Saturday, January 1, 2011

Stabilizers in quilts

I hate the idea of paper in my quilt, therefore I tried to avoid using tear away stabilizers in my machine embroidery. I must admit that I did not realize the importance of the stabilizer in the formation of beautiful stitches. So after learning the hard way by trial and error I came to appreciate stabilizers more, but also try to come up with more acceptible solutions for myself.

When I make a quilt with heavy embroidery like a lot of satin and fancy fill stitches I use a needle felted cotton batting as stabilizer. The only problem then is to keep the batting out of the seam allowances when one sew the blocks together and to trim it evenly so as to have no lumps. I do add another full batting when layering for quilting. If this will be to lumpy I use a thinner needle punched poleyester batting- but not if the quilt is intended for a bed.

I also did not realise the reason for using a cut away stabilizer in stretchy fabric. Once again this lesson was learned when I ruined a nice T shirt when the embroidery shrinked the fabric. The cut away stabilizer is to hard for my liking and leave scratchy edges. So here I now also use poleyester needle punched batting to provide the stitches the support they need.

At a time I thought that water soluble stabilizer is the answer for all projects.

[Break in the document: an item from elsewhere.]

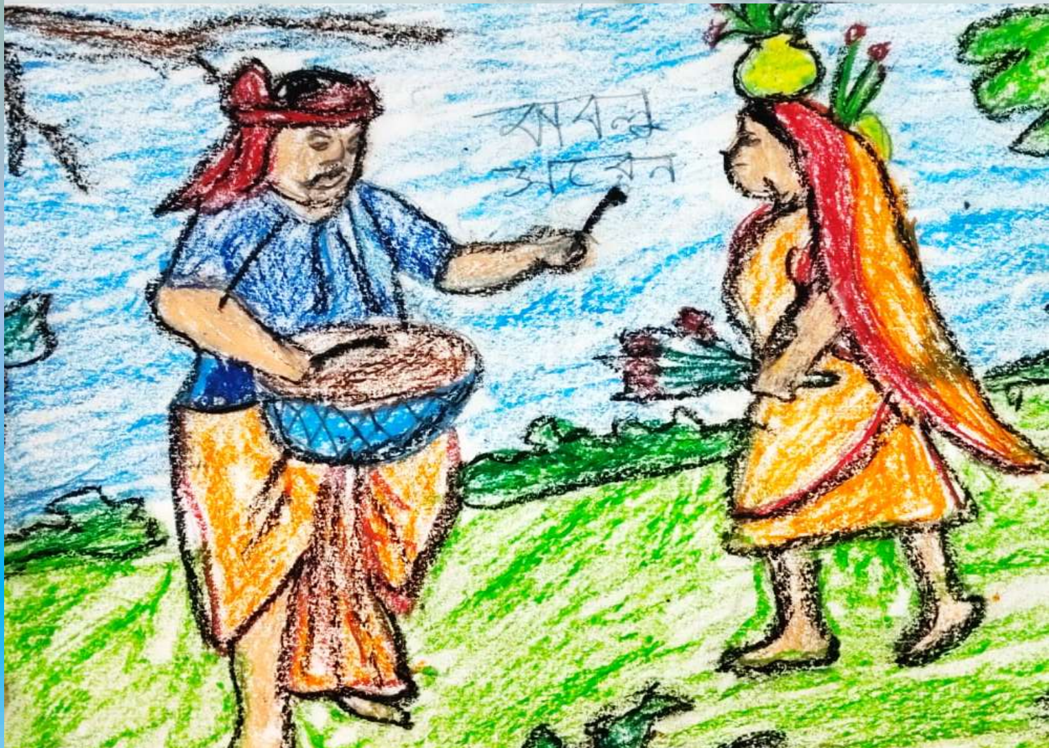
Drawings by the beneficiary students of Pathshala, Bolpur

I have now revised this idea. I have learnt that one need different stabilizers for different situations and tasks. I have also learned that one can experiment and come up with solutions that suit your own needs better. (I use a napy liner for continous support- it is a poleyster fibre and very soft after washing.)

1 comment:

  1. There is a lightweight very soft cutaway stablilizer. One person told me for T-shirt fabric, to use the sticky washaway stablilizer in the hoop to stick the fabric to and then slide a layer of the cutaway behind that. Is it all trial and error until you come up with the right solution.